▶ _What you should do_:
Copy all lines below exactly as written. Leave pictures out.

▶ _Records supplied_:
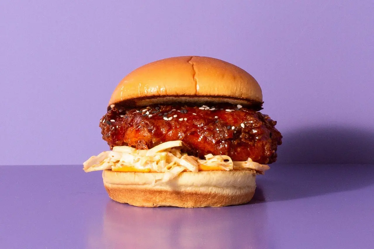 - 内容:揚げたてサクサクのチキンにコチュジャンとにんにくを使った甘辛な韓国テイストのソースを絡め、キャベツと刻みキムチを組み合わせた韓国風のコールスロー「キャベツスロー」、コチュジャンマヨ、ごまをトッピング。にんにくの香りと甘辛な韓国テイストがたまらない韓国流チキンバーガーです。
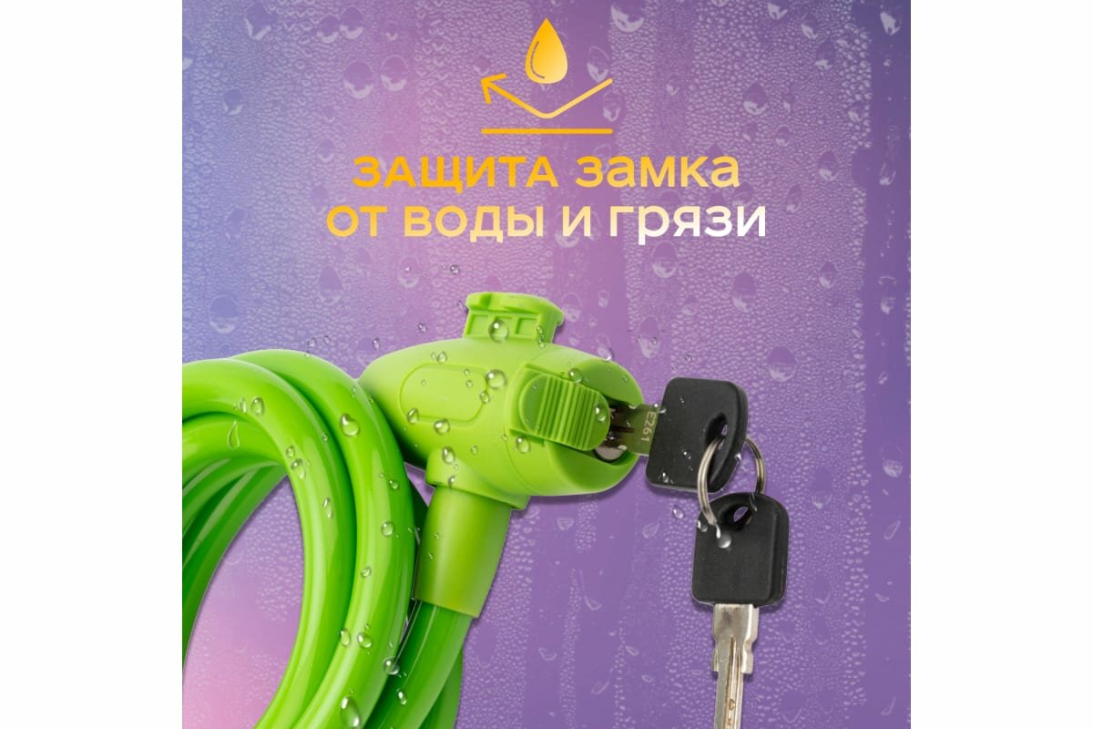 Тросовый замок взломостойкий для велосипедов и колясок с ключом 150 см зеленый четыре сезона 1 шт арт. 79-0313
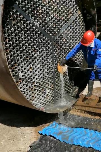 首先將熱交換器的封頭、封尾拆掉,露出所有的列管,然后用剛性噴槍或撓性高壓噴槍插入管孔200-300mm的距離,打開噴槍控制閥,使高壓水加壓,一直到達額定壓力,隨后,在清洗過程中,逐步使噴槍向管道深部推進,直到高壓水射流從熱交換器另外一端噴出。之后,操作人員將噴槍在工作狀態下緩慢抽回,垢物則繼續被破碎,直到將噴槍拉回到送進時的管口處,這時垢物也陸續被排出管道。此后,采用同樣的方法,對逐根列管進行清洗,直至將整臺換熱器的管程清洗干凈。
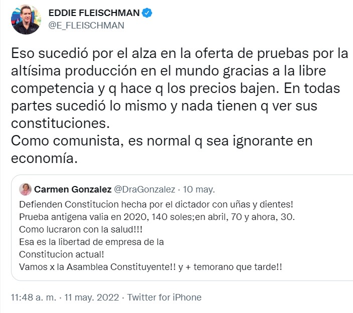 “Eso sucedió por el alza en la oferta de pruebas por la altísima producción en el mundo gracias a la libre competencia y q hace q los precios bajen. En todas partes sucedió lo mismo y nada tienen q ver sus constituciones. Como comunista, es normal q sea ignorante en economía.” Responde Fleischman desde Twitter
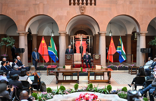 我們都高度重視民心相通,主張雙方要做相知相親的友好伙伴。我們要在合作中堅持以人民為中心,讓合作成果更多惠及兩國人民。中方支持南非政府加強(qiáng)職業(yè)教育、促進(jìn)青年就業(yè)的努力。雙方同意加強(qiáng)教育、科技、文化、旅游等領(lǐng)域交流合作。

▶ _Solution for this problem_:
 - 内容:揚げたてサクサクのチキンにコチュジャンとにんにくを使った甘辛な韓国テイストのソースを絡め、キャベツと刻みキムチを組み合わせた韓国風のコールスロー「キャベツスロー」、コチュジャンマヨ、ごまをトッピング。にんにくの香りと甘辛な韓国テイストがたまらない韓国流チキンバーガーです。
 Тросовый замок взломостойкий для велосипедов и колясок с ключом 150 см зеленый четыре сезона 1 шт арт. 79-0313
 首先將熱交換器的封頭、封尾拆掉,露出所有的列管,然后用剛性噴槍或撓性高壓噴槍插入管孔200-300mm的距離,打開噴槍控制閥,使高壓水加壓,一直到達額定壓力,隨后,在清洗過程中,逐步使噴槍向管道深部推進,直到高壓水射流從熱交換器另外一端噴出。之后,操作人員將噴槍在工作狀態下緩慢抽回,垢物則繼續被破碎,直到將噴槍拉回到送進時的管口處,這時垢物也陸續被排出管道。此后,采用同樣的方法,對逐根列管進行清洗,直至將整臺換熱器的管程清洗干凈。
 “Eso sucedió por el alza en la oferta de pruebas por la altísima producción en el mundo gracias a la libre competencia y q hace q los precios bajen. En todas partes sucedió lo mismo y nada tienen q ver sus constituciones. Como comunista, es normal q sea ignorante en economía.” Responde Fleischman desde Twitter
 我們都高度重視民心相通,主張雙方要做相知相親的友好伙伴。我們要在合作中堅持以人民為中心,讓合作成果更多惠及兩國人民。中方支持南非政府加強(qiáng)職業(yè)教育、促進(jìn)青年就業(yè)的努力。雙方同意加強(qiáng)教育、科技、文化、旅游等領(lǐng)域交流合作。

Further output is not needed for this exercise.